The listing below holds a line with "Support Bent under Truss, PD-05" and a later line with "Members of the". Write out those two lines and every line between them, exactly, and nothing else.

* _DATASET CONTENT_:

- - -

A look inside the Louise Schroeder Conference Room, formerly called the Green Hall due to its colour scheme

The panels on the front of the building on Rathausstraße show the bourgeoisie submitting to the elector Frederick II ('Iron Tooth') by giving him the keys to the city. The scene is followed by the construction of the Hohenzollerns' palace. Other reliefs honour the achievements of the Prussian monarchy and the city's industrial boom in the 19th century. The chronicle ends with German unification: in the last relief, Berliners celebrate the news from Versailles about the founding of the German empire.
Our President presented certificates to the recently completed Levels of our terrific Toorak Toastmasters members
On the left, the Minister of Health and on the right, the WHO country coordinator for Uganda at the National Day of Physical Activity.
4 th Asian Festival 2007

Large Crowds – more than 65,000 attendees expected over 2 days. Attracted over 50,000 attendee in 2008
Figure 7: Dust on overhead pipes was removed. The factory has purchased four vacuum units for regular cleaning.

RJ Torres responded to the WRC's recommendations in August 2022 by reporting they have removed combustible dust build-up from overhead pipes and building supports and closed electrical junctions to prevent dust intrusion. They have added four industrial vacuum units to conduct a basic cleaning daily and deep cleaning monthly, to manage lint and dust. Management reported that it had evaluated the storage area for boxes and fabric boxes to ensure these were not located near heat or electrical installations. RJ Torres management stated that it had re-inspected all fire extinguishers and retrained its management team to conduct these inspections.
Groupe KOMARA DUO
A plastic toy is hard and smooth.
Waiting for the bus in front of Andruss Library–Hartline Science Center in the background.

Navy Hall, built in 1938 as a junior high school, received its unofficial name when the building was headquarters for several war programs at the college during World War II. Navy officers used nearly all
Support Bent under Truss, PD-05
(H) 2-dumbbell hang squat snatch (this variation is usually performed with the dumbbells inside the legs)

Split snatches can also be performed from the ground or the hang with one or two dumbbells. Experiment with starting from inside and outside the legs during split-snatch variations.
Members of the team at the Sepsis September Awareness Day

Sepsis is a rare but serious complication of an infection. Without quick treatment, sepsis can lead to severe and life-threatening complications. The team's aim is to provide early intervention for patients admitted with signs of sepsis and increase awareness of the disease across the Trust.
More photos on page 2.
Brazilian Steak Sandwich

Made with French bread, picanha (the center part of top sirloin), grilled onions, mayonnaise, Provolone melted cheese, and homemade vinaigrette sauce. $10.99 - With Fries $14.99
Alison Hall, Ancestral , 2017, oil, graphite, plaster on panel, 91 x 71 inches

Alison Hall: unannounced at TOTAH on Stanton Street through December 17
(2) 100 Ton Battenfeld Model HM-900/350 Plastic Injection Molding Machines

- - -

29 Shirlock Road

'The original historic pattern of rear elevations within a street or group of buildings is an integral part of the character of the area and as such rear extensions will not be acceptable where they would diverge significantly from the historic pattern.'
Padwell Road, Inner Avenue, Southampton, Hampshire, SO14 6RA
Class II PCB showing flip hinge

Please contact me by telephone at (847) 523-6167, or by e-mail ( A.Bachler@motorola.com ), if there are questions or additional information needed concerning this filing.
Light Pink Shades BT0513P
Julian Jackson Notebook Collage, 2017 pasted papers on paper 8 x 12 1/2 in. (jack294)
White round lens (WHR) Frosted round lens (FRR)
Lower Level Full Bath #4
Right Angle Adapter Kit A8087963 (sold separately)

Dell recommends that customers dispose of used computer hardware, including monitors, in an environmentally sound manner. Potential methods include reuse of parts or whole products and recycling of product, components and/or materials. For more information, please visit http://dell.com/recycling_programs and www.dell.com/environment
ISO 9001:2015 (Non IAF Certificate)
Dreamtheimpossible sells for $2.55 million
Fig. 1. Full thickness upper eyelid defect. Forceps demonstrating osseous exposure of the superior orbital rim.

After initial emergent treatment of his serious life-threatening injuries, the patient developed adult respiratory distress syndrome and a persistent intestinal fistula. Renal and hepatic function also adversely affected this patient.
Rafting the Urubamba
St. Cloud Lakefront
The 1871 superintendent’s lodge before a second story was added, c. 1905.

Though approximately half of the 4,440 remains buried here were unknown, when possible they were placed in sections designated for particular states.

- - -

* _ANSWER TO THE PROBLEM_:
Support Bent under Truss, PD-05
(H) 2-dumbbell hang squat snatch (this variation is usually performed with the dumbbells inside the legs)

Split snatches can also be performed from the ground or the hang with one or two dumbbells. Experiment with starting from inside and outside the legs during split-snatch variations.
Members of the team at the Sepsis September Awareness Day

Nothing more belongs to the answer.